Stored dataset items:
* * *
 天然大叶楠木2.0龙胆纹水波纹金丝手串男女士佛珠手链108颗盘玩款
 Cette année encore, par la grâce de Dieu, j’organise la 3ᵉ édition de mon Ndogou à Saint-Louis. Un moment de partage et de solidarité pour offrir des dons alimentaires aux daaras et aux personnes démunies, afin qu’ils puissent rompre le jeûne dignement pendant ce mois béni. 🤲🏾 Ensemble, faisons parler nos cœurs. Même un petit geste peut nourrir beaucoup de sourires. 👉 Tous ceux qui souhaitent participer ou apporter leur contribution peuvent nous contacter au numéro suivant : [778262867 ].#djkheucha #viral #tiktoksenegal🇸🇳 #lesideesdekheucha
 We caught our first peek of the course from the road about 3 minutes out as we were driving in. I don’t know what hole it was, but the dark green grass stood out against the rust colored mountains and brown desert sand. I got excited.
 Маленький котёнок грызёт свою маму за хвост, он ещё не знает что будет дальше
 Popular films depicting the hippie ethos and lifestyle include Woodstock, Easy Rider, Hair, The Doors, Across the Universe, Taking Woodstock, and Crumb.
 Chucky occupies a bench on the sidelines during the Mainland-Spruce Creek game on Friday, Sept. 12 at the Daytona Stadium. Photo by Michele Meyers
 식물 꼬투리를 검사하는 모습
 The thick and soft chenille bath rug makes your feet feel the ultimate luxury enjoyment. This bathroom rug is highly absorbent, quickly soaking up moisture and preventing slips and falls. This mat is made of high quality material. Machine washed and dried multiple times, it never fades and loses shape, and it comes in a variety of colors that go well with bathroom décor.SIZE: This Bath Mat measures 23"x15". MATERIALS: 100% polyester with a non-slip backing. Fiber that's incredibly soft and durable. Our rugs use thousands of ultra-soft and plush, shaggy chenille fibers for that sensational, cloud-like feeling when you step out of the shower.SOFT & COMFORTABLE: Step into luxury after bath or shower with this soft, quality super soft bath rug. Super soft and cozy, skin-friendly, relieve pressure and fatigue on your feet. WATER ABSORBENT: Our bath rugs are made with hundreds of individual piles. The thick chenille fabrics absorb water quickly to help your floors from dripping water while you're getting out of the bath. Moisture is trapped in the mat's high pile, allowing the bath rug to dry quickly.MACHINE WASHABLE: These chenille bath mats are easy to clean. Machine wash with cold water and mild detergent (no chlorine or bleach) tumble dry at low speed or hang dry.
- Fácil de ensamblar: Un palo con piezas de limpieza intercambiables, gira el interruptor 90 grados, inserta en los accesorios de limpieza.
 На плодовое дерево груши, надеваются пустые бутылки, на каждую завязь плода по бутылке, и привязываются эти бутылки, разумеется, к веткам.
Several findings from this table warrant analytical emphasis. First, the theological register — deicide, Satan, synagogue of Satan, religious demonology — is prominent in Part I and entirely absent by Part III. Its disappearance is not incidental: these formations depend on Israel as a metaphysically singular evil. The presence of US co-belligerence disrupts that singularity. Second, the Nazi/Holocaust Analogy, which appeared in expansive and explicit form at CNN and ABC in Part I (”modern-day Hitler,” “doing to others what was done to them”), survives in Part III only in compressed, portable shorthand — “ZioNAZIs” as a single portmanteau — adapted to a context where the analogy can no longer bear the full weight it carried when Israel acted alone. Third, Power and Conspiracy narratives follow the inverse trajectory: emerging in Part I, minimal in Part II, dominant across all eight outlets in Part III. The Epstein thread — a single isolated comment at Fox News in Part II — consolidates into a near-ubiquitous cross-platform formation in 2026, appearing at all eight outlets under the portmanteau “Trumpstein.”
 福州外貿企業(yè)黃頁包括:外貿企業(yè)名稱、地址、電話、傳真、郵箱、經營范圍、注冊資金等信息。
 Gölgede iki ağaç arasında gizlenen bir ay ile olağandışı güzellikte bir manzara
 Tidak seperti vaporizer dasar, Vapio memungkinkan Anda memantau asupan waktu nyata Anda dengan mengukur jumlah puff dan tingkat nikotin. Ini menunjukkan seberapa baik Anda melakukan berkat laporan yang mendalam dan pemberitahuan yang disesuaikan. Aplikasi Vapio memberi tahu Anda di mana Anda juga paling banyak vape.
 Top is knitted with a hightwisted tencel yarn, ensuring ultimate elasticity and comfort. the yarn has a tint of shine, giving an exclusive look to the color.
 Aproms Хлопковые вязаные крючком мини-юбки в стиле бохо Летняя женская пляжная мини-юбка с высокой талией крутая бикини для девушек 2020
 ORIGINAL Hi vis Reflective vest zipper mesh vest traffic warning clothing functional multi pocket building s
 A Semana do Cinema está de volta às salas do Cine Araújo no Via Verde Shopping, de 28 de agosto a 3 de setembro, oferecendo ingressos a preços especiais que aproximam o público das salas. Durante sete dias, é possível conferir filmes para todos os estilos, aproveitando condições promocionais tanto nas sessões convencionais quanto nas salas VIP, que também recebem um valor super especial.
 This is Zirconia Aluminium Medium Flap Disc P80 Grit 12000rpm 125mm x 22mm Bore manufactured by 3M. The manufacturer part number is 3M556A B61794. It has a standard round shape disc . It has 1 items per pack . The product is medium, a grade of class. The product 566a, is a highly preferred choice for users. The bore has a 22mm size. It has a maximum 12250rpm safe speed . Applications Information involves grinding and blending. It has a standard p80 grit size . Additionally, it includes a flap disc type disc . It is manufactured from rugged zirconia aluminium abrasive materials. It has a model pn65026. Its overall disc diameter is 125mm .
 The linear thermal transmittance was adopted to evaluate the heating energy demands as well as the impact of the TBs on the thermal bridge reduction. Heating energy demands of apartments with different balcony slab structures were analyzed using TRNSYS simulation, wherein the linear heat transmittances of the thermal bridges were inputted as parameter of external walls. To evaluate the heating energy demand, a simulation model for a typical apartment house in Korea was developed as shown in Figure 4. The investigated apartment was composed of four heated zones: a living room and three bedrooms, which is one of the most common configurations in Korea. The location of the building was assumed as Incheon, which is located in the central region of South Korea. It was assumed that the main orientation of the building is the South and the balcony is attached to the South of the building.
* * *
## Problem requirements
Transcribe, exactly and completely, all of the entries.

## Solution for this task
 天然大叶楠木2.0龙胆纹水波纹金丝手串男女士佛珠手链108颗盘玩款
 Cette année encore, par la grâce de Dieu, j’organise la 3ᵉ édition de mon Ndogou à Saint-Louis. Un moment de partage et de solidarité pour offrir des dons alimentaires aux daaras et aux personnes démunies, afin qu’ils puissent rompre le jeûne dignement pendant ce mois béni. 🤲🏾 Ensemble, faisons parler nos cœurs. Même un petit geste peut nourrir beaucoup de sourires. 👉 Tous ceux qui souhaitent participer ou apporter leur contribution peuvent nous contacter au numéro suivant : [778262867 ].#djkheucha #viral #tiktoksenegal🇸🇳 #lesideesdekheucha
 We caught our first peek of the course from the road about 3 minutes out as we were driving in. I don’t know what hole it was, but the dark green grass stood out against the rust colored mountains and brown desert sand. I got excited.
 Маленький котёнок грызёт свою маму за хвост, он ещё не знает что будет дальше
 Popular films depicting the hippie ethos and lifestyle include Woodstock, Easy Rider, Hair, The Doors, Across the Universe, Taking Woodstock, and Crumb.
 Chucky occupies a bench on the sidelines during the Mainland-Spruce Creek game on Friday, Sept. 12 at the Daytona Stadium. Photo by Michele Meyers
 식물 꼬투리를 검사하는 모습
 The thick and soft chenille bath rug makes your feet feel the ultimate luxury enjoyment. This bathroom rug is highly absorbent, quickly soaking up moisture and preventing slips and falls. This mat is made of high quality material. Machine washed and dried multiple times, it never fades and loses shape, and it comes in a variety of colors that go well with bathroom décor.SIZE: This Bath Mat measures 23"x15". MATERIALS: 100% polyester with a non-slip backing. Fiber that's incredibly soft and durable. Our rugs use thousands of ultra-soft and plush, shaggy chenille fibers for that sensational, cloud-like feeling when you step out of the shower.SOFT & COMFORTABLE: Step into luxury after bath or shower with this soft, quality super soft bath rug. Super soft and cozy, skin-friendly, relieve pressure and fatigue on your feet. WATER ABSORBENT: Our bath rugs are made with hundreds of individual piles. The thick chenille fabrics absorb water quickly to help your floors from dripping water while you're getting out of the bath. Moisture is trapped in the mat's high pile, allowing the bath rug to dry quickly.MACHINE WASHABLE: These chenille bath mats are easy to clean. Machine wash with cold water and mild detergent (no chlorine or bleach) tumble dry at low speed or hang dry.
- Fácil de ensamblar: Un palo con piezas de limpieza intercambiables, gira el interruptor 90 grados, inserta en los accesorios de limpieza.
 На плодовое дерево груши, надеваются пустые бутылки, на каждую завязь плода по бутылке, и привязываются эти бутылки, разумеется, к веткам.
Several findings from this table warrant analytical emphasis. First, the theological register — deicide, Satan, synagogue of Satan, religious demonology — is prominent in Part I and entirely absent by Part III. Its disappearance is not incidental: these formations depend on Israel as a metaphysically singular evil. The presence of US co-belligerence disrupts that singularity. Second, the Nazi/Holocaust Analogy, which appeared in expansive and explicit form at CNN and ABC in Part I (”modern-day Hitler,” “doing to others what was done to them”), survives in Part III only in compressed, portable shorthand — “ZioNAZIs” as a single portmanteau — adapted to a context where the analogy can no longer bear the full weight it carried when Israel acted alone. Third, Power and Conspiracy narratives follow the inverse trajectory: emerging in Part I, minimal in Part II, dominant across all eight outlets in Part III. The Epstein thread — a single isolated comment at Fox News in Part II — consolidates into a near-ubiquitous cross-platform formation in 2026, appearing at all eight outlets under the portmanteau “Trumpstein.”
 福州外貿企業(yè)黃頁包括:外貿企業(yè)名稱、地址、電話、傳真、郵箱、經營范圍、注冊資金等信息。
 Gölgede iki ağaç arasında gizlenen bir ay ile olağandışı güzellikte bir manzara
 Tidak seperti vaporizer dasar, Vapio memungkinkan Anda memantau asupan waktu nyata Anda dengan mengukur jumlah puff dan tingkat nikotin. Ini menunjukkan seberapa baik Anda melakukan berkat laporan yang mendalam dan pemberitahuan yang disesuaikan. Aplikasi Vapio memberi tahu Anda di mana Anda juga paling banyak vape.
 Top is knitted with a hightwisted tencel yarn, ensuring ultimate elasticity and comfort. the yarn has a tint of shine, giving an exclusive look to the color.
 Aproms Хлопковые вязаные крючком мини-юбки в стиле бохо Летняя женская пляжная мини-юбка с высокой талией крутая бикини для девушек 2020
 ORIGINAL Hi vis Reflective vest zipper mesh vest traffic warning clothing functional multi pocket building s
 A Semana do Cinema está de volta às salas do Cine Araújo no Via Verde Shopping, de 28 de agosto a 3 de setembro, oferecendo ingressos a preços especiais que aproximam o público das salas. Durante sete dias, é possível conferir filmes para todos os estilos, aproveitando condições promocionais tanto nas sessões convencionais quanto nas salas VIP, que também recebem um valor super especial.
 This is Zirconia Aluminium Medium Flap Disc P80 Grit 12000rpm 125mm x 22mm Bore manufactured by 3M. The manufacturer part number is 3M556A B61794. It has a standard round shape disc . It has 1 items per pack . The product is medium, a grade of class. The product 566a, is a highly preferred choice for users. The bore has a 22mm size. It has a maximum 12250rpm safe speed . Applications Information involves grinding and blending. It has a standard p80 grit size . Additionally, it includes a flap disc type disc . It is manufactured from rugged zirconia aluminium abrasive materials. It has a model pn65026. Its overall disc diameter is 125mm .
 The linear thermal transmittance was adopted to evaluate the heating energy demands as well as the impact of the TBs on the thermal bridge reduction. Heating energy demands of apartments with different balcony slab structures were analyzed using TRNSYS simulation, wherein the linear heat transmittances of the thermal bridges were inputted as parameter of external walls. To evaluate the heating energy demand, a simulation model for a typical apartment house in Korea was developed as shown in Figure 4. The investigated apartment was composed of four heated zones: a living room and three bedrooms, which is one of the most common configurations in Korea. The location of the building was assumed as Incheon, which is located in the central region of South Korea. It was assumed that the main orientation of the building is the South and the balcony is attached to the South of the building.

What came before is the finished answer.